Input material:
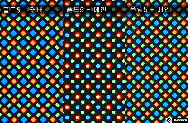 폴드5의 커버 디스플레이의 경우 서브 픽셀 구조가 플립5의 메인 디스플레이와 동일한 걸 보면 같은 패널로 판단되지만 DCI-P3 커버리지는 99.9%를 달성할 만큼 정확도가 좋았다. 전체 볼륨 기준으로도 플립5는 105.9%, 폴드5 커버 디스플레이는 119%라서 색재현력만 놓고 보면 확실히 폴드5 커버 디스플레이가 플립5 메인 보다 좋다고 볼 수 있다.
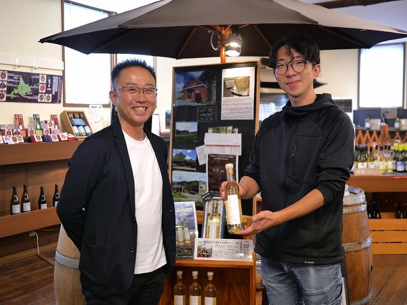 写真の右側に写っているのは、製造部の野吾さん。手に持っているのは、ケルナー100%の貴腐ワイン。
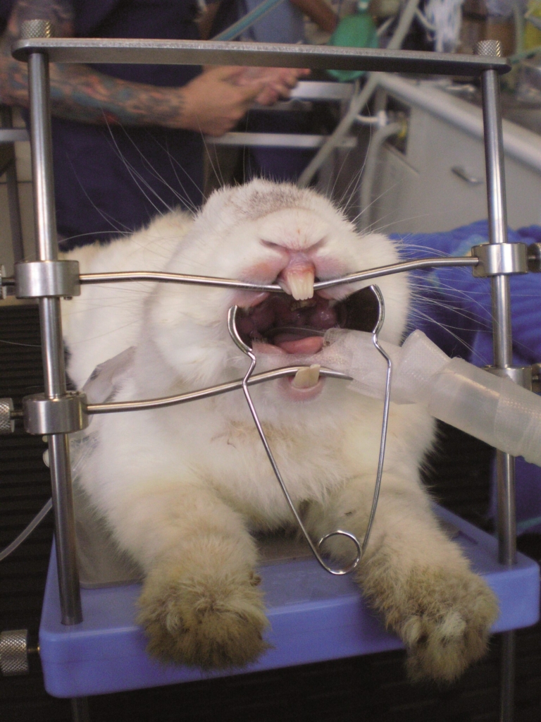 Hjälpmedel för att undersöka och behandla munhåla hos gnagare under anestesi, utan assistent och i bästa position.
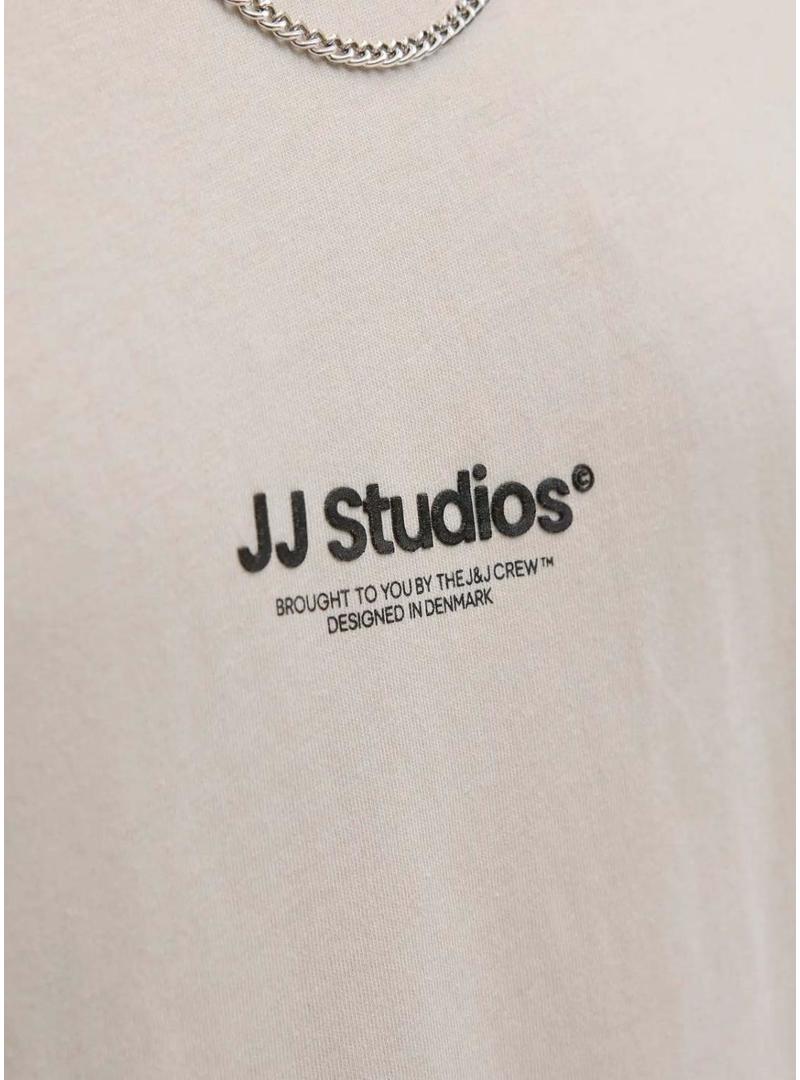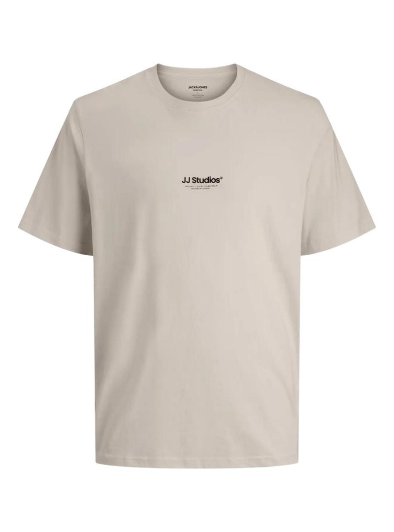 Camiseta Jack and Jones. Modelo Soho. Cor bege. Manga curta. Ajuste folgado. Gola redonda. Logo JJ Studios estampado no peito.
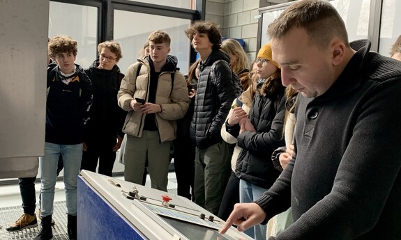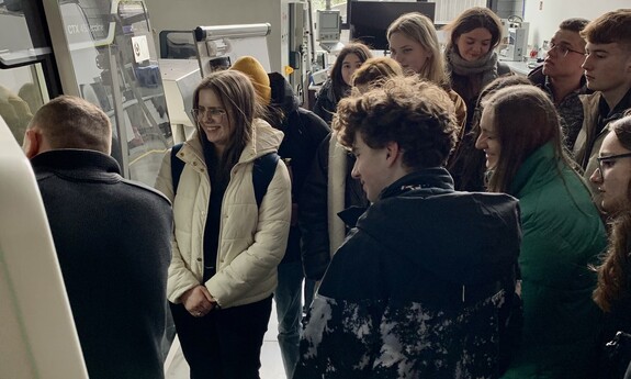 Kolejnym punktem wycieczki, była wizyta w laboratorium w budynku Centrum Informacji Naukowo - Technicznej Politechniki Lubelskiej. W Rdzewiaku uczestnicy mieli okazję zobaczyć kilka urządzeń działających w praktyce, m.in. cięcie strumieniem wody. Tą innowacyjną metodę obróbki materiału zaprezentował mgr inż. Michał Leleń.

What needs to be done:
Would you copy out the data exactly, leaving every picture out?

The answer:
 폴드5의 커버 디스플레이의 경우 서브 픽셀 구조가 플립5의 메인 디스플레이와 동일한 걸 보면 같은 패널로 판단되지만 DCI-P3 커버리지는 99.9%를 달성할 만큼 정확도가 좋았다. 전체 볼륨 기준으로도 플립5는 105.9%, 폴드5 커버 디스플레이는 119%라서 색재현력만 놓고 보면 확실히 폴드5 커버 디스플레이가 플립5 메인 보다 좋다고 볼 수 있다.
 写真の右側に写っているのは、製造部の野吾さん。手に持っているのは、ケルナー100%の貴腐ワイン。
 Hjälpmedel för att undersöka och behandla munhåla hos gnagare under anestesi, utan assistent och i bästa position.
 Camiseta Jack and Jones. Modelo Soho. Cor bege. Manga curta. Ajuste folgado. Gola redonda. Logo JJ Studios estampado no peito.
 Kolejnym punktem wycieczki, była wizyta w laboratorium w budynku Centrum Informacji Naukowo - Technicznej Politechniki Lubelskiej. W Rdzewiaku uczestnicy mieli okazję zobaczyć kilka urządzeń działających w praktyce, m.in. cięcie strumieniem wody. Tą innowacyjną metodę obróbki materiału zaprezentował mgr inż. Michał Leleń.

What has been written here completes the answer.